I went looking to see if the results of that survey had, yet, been published and was surprised to discover that the survey was still open for people to complete. I decided to have a look and see just what data the survey was seeking to collect. I’m involved, at the moment, in a proposal to undertake a survey of users of a facility (nothing related to this site) and a lot of our discussions have been around survey design. A key element of conducting surveys is to ask enough questions to get reliable information without making a survey too long so people either give up or don’t think about their answers.

The BHS survey turns out to be extremely short; it actually consists of only four questions making it very difficult to collect reliable data.

Before you get to the first question, it is made clear that this is aimed at only those people who have seen ragwort. Immediately, this makes it impossible to get any idea of overall prevalence. A lot of people claim that the amount of ragwort is increasing. With no attempt to identify how many people see ragwort and how many don’t, the BHS survey does nothing to test that claim.

The first question asks the type of land where the ragwort was seen. That is very significant because it jumps over the whole question of whether the survey respondent can correctly identify ragwort. Actually, it is worse than that because it is only common ragwort that is subject to the 1959 Weeds Act and there is no attempt to determine what sort of ragwort the respondent has seen if, indeed, it is ragwort at all.
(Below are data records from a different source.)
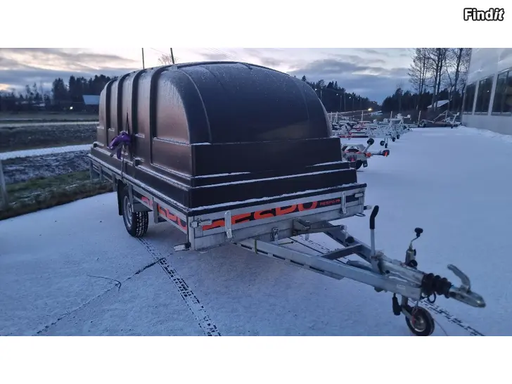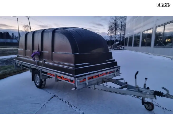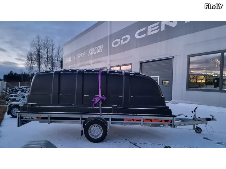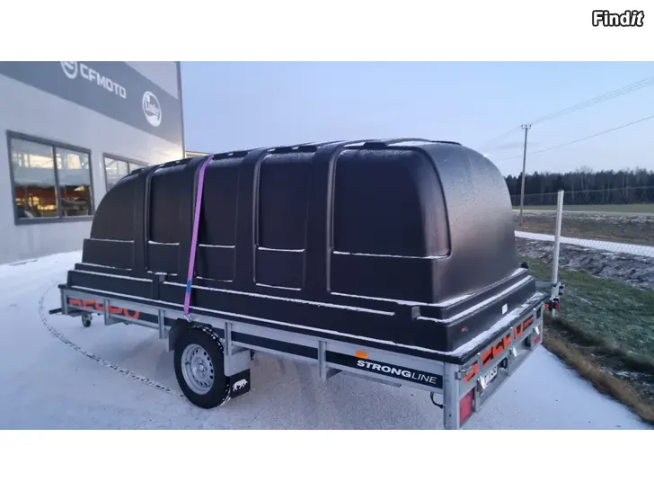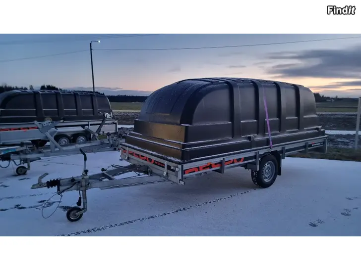 Utvecklad specifikt för transport av snöskotrar, fyrhjulingar samt andra liknande fordon. En praktisk egenskap är den låga lämhöjden. Skärmarna är plastbelagda och belastar inte skoterns skidor. Tipp-skruv möjliggör kontrollerad öppning och stängning av flaket. 4-bladiga bladfjädrar, stötdämpare och vattentäta lager garanterar bästa köregenskaper. Den väderbeständiga bottenplywoodens beläggning är UV-beständig. Ett släp som lämpar sig för nordliga, krävande förhållanden!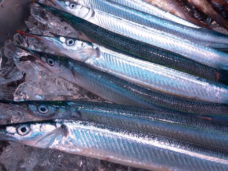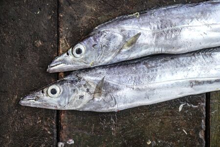 Barracuda or Seapike ( Sphyraenidae ) fish in a steel tray, Sea fishes in market, Thailand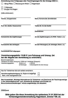 welches wir den Teilnehmern bei der Anmeldung zu den Umzügen aushändigen werden. Damit die heitere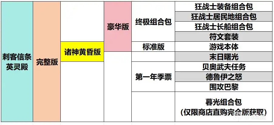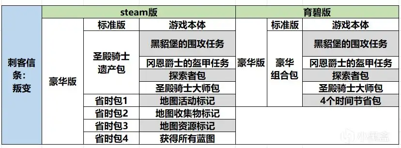 steam、育碧版本内容一致,不过具体划分不同育碧版豪华组合包不单独售卖,只能通过购买豪华版获取

We’ll have to wait and see what the BHS does with its survey data. Last year, the main use of the 2010 survey was to publicise the launch of the 2011 survey, which publicity led to a lot of ill-informed reporting in the media. As a responsible body, I’m sure the BHS will want to prevent a recurrence of the almost hysterical reactions that came from some quarters.

It may seem an odd time of year to be writing about Jacobaea vulgaris (still, often, referred to as Senecio jacobaea) but the mild winter seems to have brought many plants out early and I’m already starting to see threads about ragwort on internet forums often with the usual misinformation.